As of today, August 3td, 2018, I could not find one word about bringing Amazon to Columbus at either columbus.gov or at the Columbus Chamber of Commerce's website, columbus.org. Doesn't almost every politician promise to bring in more jobs while campaigning?
Maybe they just mean "bring in a few more jobs". They seem to shut up when the "Mother Load" of jobs is nearly touching their fingertips.
50,000 new jobs plus the several thousand Amazon already has (or is bringing) to the area, would give them about twice as many employees as the Ohio State University, which has been Central Ohio's largest employer, and arguably controller, for many decades.
Do you think OSU's Board of Directors wants to suddenly fall to a distant second place, after dominating this city for the last lifetime?
Do you think any of these huge money Delberts are also sitting on Amazon's Board?
Do you think they want or need Amazon's new HQ coming here?
Wouldn't Amazon's Board of Directors be automatically motivated to want almost everyone everywhere prospering even more?
I did not spend all day searching these two "Columbus" websites, but if they really wanted Amazon's new HQ to come to Franklinton, these sites would look like Amazon shrines touting endless reasons for them to come, and or to also make them feel so welcomed they would think they were dealing with Cleveland. But instead, nothing.
Amazon's presence might triple Franklinton's commercial property values and double the home values on the Hilltop, simply because the properties are under extreme distress after the last 60 years of economic avoidance by elected and business leaders (detailed at UpperColumbus.org).
Today, Franklinton properties are worth just a fraction of similar properties across that little river, and Amazon could make this, the physical center of Downtown Columbus (look at the photo from Google Earth), the most valuable part of the city because this project is so large, it appears to be the largest private employment project to even come to this state.
Just the massive increase in property and income tax revenues that Columbus would receive from its entire westside should be lighting up Columbus.gov like a flashing Amazon Christmas tree. This massive long-term windfall would end up benefiting all of the citizens of Columbus, and surrounding areas, but nothing is even posted about it.
With the Mt. Carmel West Complex shutdown, the area has the room to redevelop thousands of new homes, condos, and apartments, so the extra road traffic could be greatly reduced. Furthermore this area also already has the lightest road traffic inside I-270 with wonderful rapid access to 5 freeways, railroads, two large airports, and today's downtown is just a 10-minute walk east.
It is time for city and state leaders to do the right thing, like only Governor James A. Rhodes did, for the economy of this side of town.
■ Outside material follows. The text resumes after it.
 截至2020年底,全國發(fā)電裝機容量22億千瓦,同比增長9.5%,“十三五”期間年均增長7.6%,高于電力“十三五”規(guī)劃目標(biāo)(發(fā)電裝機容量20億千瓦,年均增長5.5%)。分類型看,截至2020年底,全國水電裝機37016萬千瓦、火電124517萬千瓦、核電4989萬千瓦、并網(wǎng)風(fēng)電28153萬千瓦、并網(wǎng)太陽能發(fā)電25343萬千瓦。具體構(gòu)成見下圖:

He offered GM and Westinghouse enough to convince them to build two large factories here when he was this city's mayor in 1945.
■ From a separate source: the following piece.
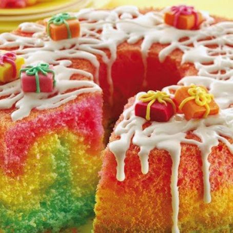 Divide batter evenly among 3 bowls. Gently stir 6 to 8 drops of one food color into each of the batters. Pour red batter into ungreased 10-inch angel food (tube) cake pan. (Do not use fluted tube cake pan or 9-inch angel food pan or batter will overflow.) Spoon yellow batter over red batter. Spoon green batter over top.
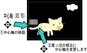 | 目・尾っぽ・耳・雲などはまだ1コマ分で消えてなくなりますが、まだ設定してないだけです |

The latest news rumor is that Amazon is going to choose the city that provides them the most incentives, and I see nothing that indicates this town's leadership is even trying to make them feel welcomed.
These incentives are far more than just bribing Amazon, in this case they would be like compensation to all of residents and businesses west of downtown that have had to struggle since city leadership (in the mid 50s), decided not to call most of the large still underdeveloped sites, only on this side of town (within 10 miles of city hall) "Columbus".
Because this political avoidance has kept the west Columbus area from having the big incentives city leaders offered to large upscale developers over the last 60 years, as this area's largest employers died off or left, their replacements went to the other sides of town, leaving only this one side in economic shambles.
Without economic leadership from the area we now call Upper Columbus (West-SW Columbus area excluding suburban cities), screaming at city and state officials, who may only come to this side of town to gamble or get a fine new tattoo, to fix this economic nightmare that their predecessors caused, it is a safe bet that Amazon's HQ will not be coming this way either.
The Upper Columbus project (upcbus.org) is about uniting and promoting around two dozen West-SW Columbus and "No City" communities that Columbus already surrounds, so their economies cannot be ignored for another 200 years.
Our first challenge is to create the Upper Columbus Chamber of Commerce, so at least one group of local leaders will be only promoting this entire Upper Columbus area. Too bad it does not exist yet.
But the next best thing is for everyone in Ohio to start screaming at politicians to roll out the world's largest welcome mat, filled with enough incentive to close this deal, since they already have the best location in the Midwest, just wasting away.